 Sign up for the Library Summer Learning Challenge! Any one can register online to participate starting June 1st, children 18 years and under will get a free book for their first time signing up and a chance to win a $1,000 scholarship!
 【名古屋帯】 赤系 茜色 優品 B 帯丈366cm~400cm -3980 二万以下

# # # # # # #

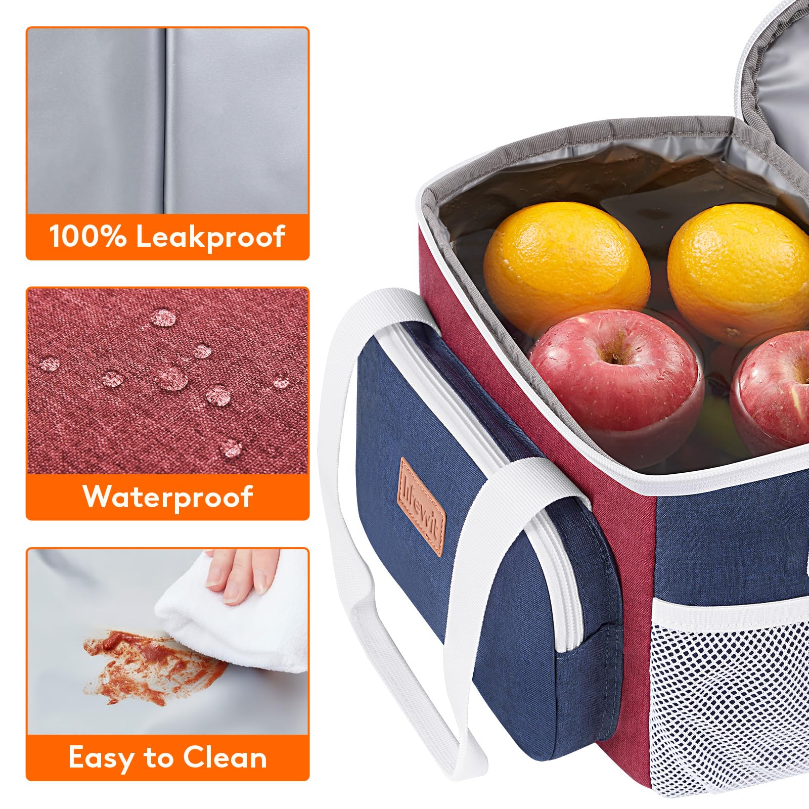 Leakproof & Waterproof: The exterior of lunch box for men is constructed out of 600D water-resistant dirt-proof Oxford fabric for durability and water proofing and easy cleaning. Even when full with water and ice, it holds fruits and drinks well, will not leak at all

# # # # # # #

WHAT TO WORK ON — The answer is the lines above between the line holding "Sign up for" and the line holding "帯丈366cm~400cm -3980 二万以下", inclusive, each written out exactly, and no others.

RESULT —
 Sign up for the Library Summer Learning Challenge! Any one can register online to participate starting June 1st, children 18 years and under will get a free book for their first time signing up and a chance to win a $1,000 scholarship!
 【名古屋帯】 赤系 茜色 優品 B 帯丈366cm~400cm -3980 二万以下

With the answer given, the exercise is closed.